The controls described in this paper have been designed mainly with two objectives: (i) to demonstrate that the tCP-usage of HRV and FMDV polyprotein coding ORFs are far from those of their randomized genomes despite HRV and FMDV have percent identities close to random and (ii) to support the existence of new scaffold-like compositional structures that are shared by some of the serotypes analyzed. The results obtained from the analysis of the controls demonstrate the absence of random fits when HRV and FMDV polyprotein coding ORFs were compared with their randomized sequences. The average of 5 randomized genomes for HRV and FMDV assures that random fits do not exist between them. This result guarantees the coherence of the panel when the tCP-sequences of HRV and FMDV are compared.

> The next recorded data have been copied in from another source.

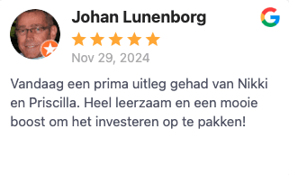 Erg goede informatie om een start te kunnen maken. Het voelt betrouwbaar en Nikki en Priscilla zijn er aardig en behulpzaam.
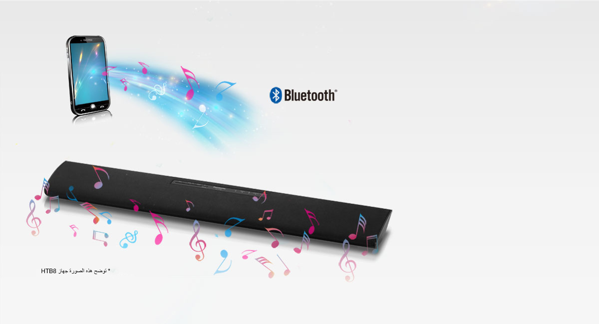 يتميز نظام HTB8 بتصميم أنيق مثلث الشكل للاستخدام البسيط وبشكل جذاب في غرفة المعيشة ونظام صوت عالي الجودة مكون من 2 قناة. كما يتميز بالتوافق مع تقنية Bluetooth® ويتيح لك الاستمتاع بالموسيقى، فضلاً عن الأفلام، من الهاتف الذكي بصوت ديناميكي حقيقي.
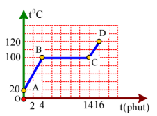 Đồ thị hình bên biểu diễn sự thay đổi nhiệt độ của một lượng nước theo thời gian.
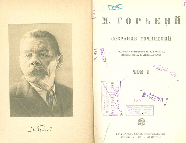 В год полуторавекового юбилея писателя сотрудники Ивановской областной библиотеки для детей и юношества решили проанализировать имеющиеся в фонде ИОБДЮ издания М. Горького. В основном они представлены книгами советских лет, но некоторые из них являются прижизненными и представляют определенный интерес.
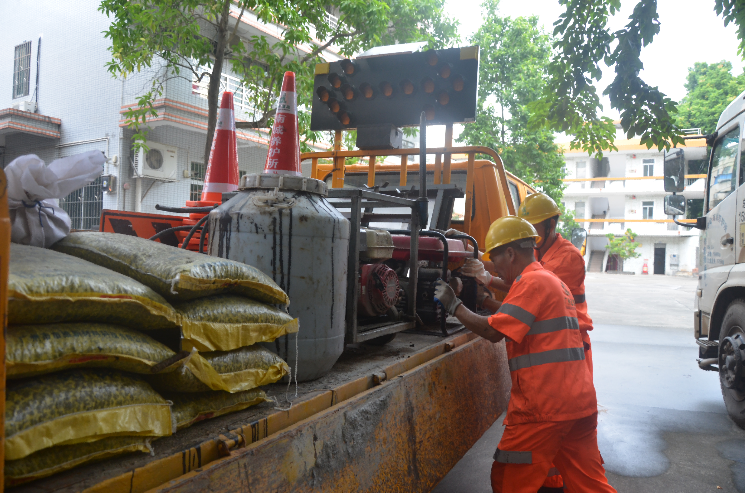 7:30,在钟村道班,广州市道路养护中心南城养护所值守人员将发电机、交通锥、警示标志、冷补料等应急物资有序搬运上车,仔细清点检查,确保物资装备处于良好状态,保障应急时能快速取用,以饱满状态做好应急值守准备,全力保障赛事期间道路通行安全。
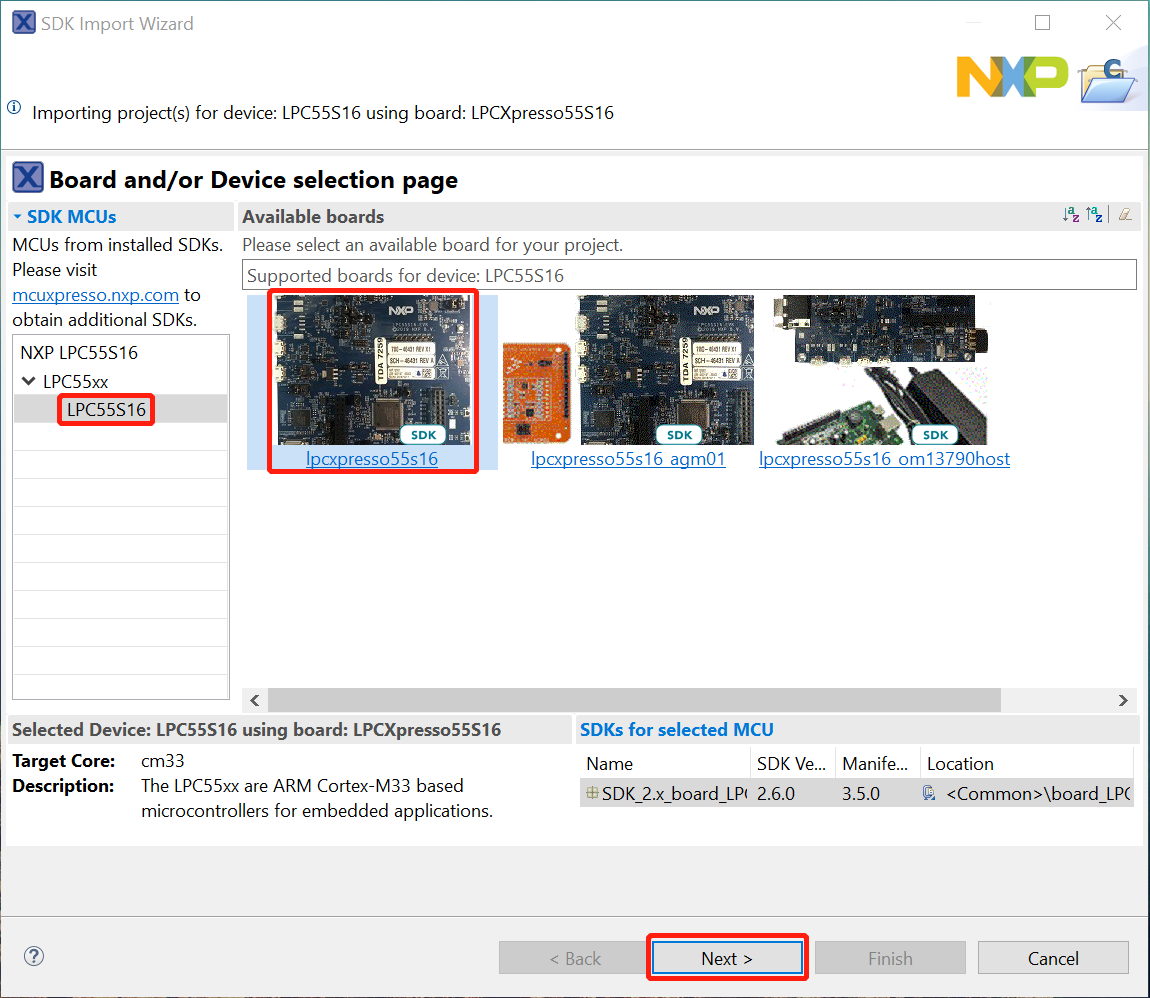 In the window that appears, expand the LPC55xx folder and select LPC55S16 . Then, select LPC55S16 and click Next.

The method proposed predicts the existence of new scaffold-like compositional structures shared by (i) HRV14 and FMDV-C and (ii) HRV14 and FMDV-A and also by HRV-A and FMDV-SAT1. The results of this analysis are consistent with results previously obtained by other methods. We observed for example that FMDV-C and FMDV-O share 6 tCPs whereas HRV14 and HRV-C share only 4 tCPs, which is consistent with the results of a classic sequence analysis regarding the evolutionary divergence of FMDVs relative to that of HRVs22,23. The same can be observed in Table 3 for all FMDV serotypes analyzed. These data indicate, as expected, that FMDV serotypes have diverged from each other less than the HRV serotypes. Something similar occurs when the HRV serotypes were compared with those of FMDV. The data suggest the possibility to do phylogenetic analysis with tCP sequences.
Relative to the close connection between the shared tCPs <AG> and the genome organization of FMDV-C, FMDV-A and HRV14 it was observed that the high <AG>-usage detected in the L region that codes for the FMDV L proteinase suggests that this region is important for fitness and survival of FMDV. In fact, the L protein has been described as an important determinant of virulence29 that despite of slightly affecting the replication rate30 exerts a low ability to cause lesions31 and shut off the host cap-dependent mRNA translation allowing the virus to use the host cell protein synthesis machinery32,33,34. In HRV14, which lacks the L region, we observed <AG>-usages higher than expected affecting stretches coding for the structural proteins VP4 and VP2 as an indication that these proteins are more conserved than the other structural proteins showing <AG>-usages lower than expected, as is the case of VP3 and VP1. The data could explain why VP4 and VP2 have been described as a more stable cleavage intermediate, called VP0 that may perform functions other than those of their individual constituents29.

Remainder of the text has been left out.